The present invention relates to a method and apparatus for integrating data, including the steps of receiving a data integration signal, extracting at least two types of source data associated with the data integration signal from collected source data, confirming data information of the extracted source data, setting a data regeneration method for integration of the extracted source data based on the data information, setting a regeneration period for integration of the extracted data based on the data information, and performing integration of the extracted data based on the regeneration method and the regeneration period, and it is possible to apply to other exemplary embodiments.

Description

    TECHNICAL FIELD
  • The present invention relates to a method and apparatus for integrating data.
  • BACKGROUND ART
  • The development of industrial technology and information and communication technology generates a significant amount of information and data. In particular, due to the development and spread of the Internet of things (IoT) technology, numerous data obtained from various sensors are generated. Such data has time information about the time when the data was generated, and has a structure in which necessary information is additionally stored based on a timestamp which is a specific moment in time flow.

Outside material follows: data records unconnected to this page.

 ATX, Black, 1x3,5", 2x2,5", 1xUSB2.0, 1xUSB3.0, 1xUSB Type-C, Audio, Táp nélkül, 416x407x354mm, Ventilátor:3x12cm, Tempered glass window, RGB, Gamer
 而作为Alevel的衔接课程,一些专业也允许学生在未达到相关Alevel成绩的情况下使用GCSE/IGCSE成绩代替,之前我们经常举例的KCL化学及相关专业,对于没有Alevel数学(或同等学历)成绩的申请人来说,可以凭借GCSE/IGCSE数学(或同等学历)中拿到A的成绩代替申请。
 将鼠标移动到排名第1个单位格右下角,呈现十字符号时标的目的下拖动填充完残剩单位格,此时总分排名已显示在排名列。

  • However, since data having time information is not stored in a standardized format, a pre-processing step is necessarily required to process or analyze data by using the data. Accordingly, there are problems such as waste of manpower, waste of time for pre-processing and the like that may occur. In addition, in order to process and analyze such data, the user has to manually extract, process and analyze data suitable for his/her purpose such that it is difficult for users with low professionalism to utilize a large amount of data.
  • In addition, since data information such as data collection periods, data ranges, data formats and the like are all different, there are problems such as waste of manpower, waste of time for pre-processing and the like that may occur.

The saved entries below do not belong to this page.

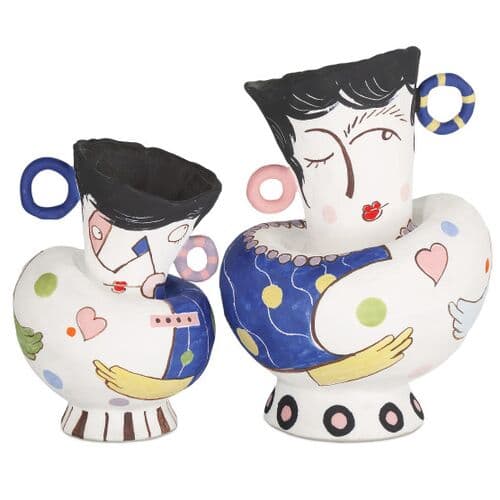 This set of Osamu Objects is the work of porcelain artist Xiao New, who created the pair of dancing vases to draw a smile! A hint of cubism is melded with a heavy dose of whimsy, particularly in the visuals created by the artist that give the characters on each piece such avant-garde personalities. Because these are hand-painted, each one will vary slightly, though each promises to be equally entertaining!
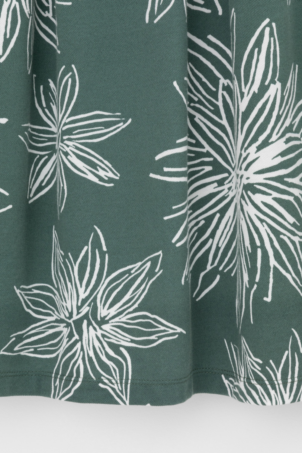 Струящаяся юбка из 100% хлопка пике с небольшой рельефной текстурой дарит ощущение комфорта и легкости. Крупные астры придают изделию летнее настроение.
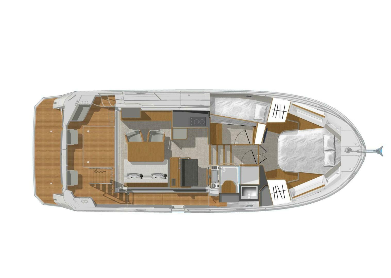 Intended for long cruises, the Swift Trawler 35 offers a spacious interior with ingenious contemporary fittings. The entirely glazed wheelhouse affords a 360° view and creates a pleasant atmosphere. You enter the owner cabin with en-suite shower room and a second cabin with bunk berths, by a gullwing door. There is plenty of space for guests on the Swift Trawler 35. Fitted with a twin sink that converts to a worktop and an extra forward-facing seat, the U-shaped galley offers a convivial living space on board. The sofa-bed in the saloon converts to a comfortable double berth. The teak wood matching the wonderfully easy to clean Efficiency upholstery creates a cozy atmosphere indoors.

  • Therefore, in order to solve these problems, the need for a method that can convert and generate data according to time information into meaningful time-series data to facilitate data processing and analysis has emerged, and recently, since data fusion in various fields is required, the need to integrate, process and manage heterogeneous data more easily is emerging.
  • DISCLOSURE Technical Problem
  • The exemplary embodiments of the present invention for solving these conventional problems are directed to providing a method and apparatus for integrating data, which are capable of generating table data for a plurality of data having different data information, and supplementing data requiring supplementation in the generated table data to analyze heterogeneous data more easily.

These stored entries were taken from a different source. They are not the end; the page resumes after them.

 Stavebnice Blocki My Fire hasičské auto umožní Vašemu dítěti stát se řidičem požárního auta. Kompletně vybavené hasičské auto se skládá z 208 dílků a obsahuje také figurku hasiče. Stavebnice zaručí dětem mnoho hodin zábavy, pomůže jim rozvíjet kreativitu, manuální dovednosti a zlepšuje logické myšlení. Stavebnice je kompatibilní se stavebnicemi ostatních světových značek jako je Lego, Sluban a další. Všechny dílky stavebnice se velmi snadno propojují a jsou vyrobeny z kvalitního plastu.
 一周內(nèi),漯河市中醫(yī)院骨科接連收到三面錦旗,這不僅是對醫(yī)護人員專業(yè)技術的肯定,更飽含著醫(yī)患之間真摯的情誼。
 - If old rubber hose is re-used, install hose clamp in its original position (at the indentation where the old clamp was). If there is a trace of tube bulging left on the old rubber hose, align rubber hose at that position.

  • The exemplary embodiments of the present invention for solving these conventional problems are directed to providing a method and apparatus for integrating data, which are capable of more easily performing analysis of time-series data through processing of converting and generating source data into meaningful time-series data using parameters of source data having time information.
  • Technical Solution
  • The method for integrating data according to an exemplary embodiment of the present invention includes receiving a data integration signal, extracting at least two types of source data associated with the data integration signal from collected source data, confirming data information of the extracted source data, setting a data regeneration method for integration of the extracted source data based on the data information, setting a data regeneration period for integration of the extracted data based on the data information, and performing integration of the extracted data based on the regeneration method and the regeneration period.
  • In addition, the step of receiving a data integration signal is receiving a data integration range including a data integration start time and a data integration end time, and a selection signal for the at least two types of source data as the data integration signal.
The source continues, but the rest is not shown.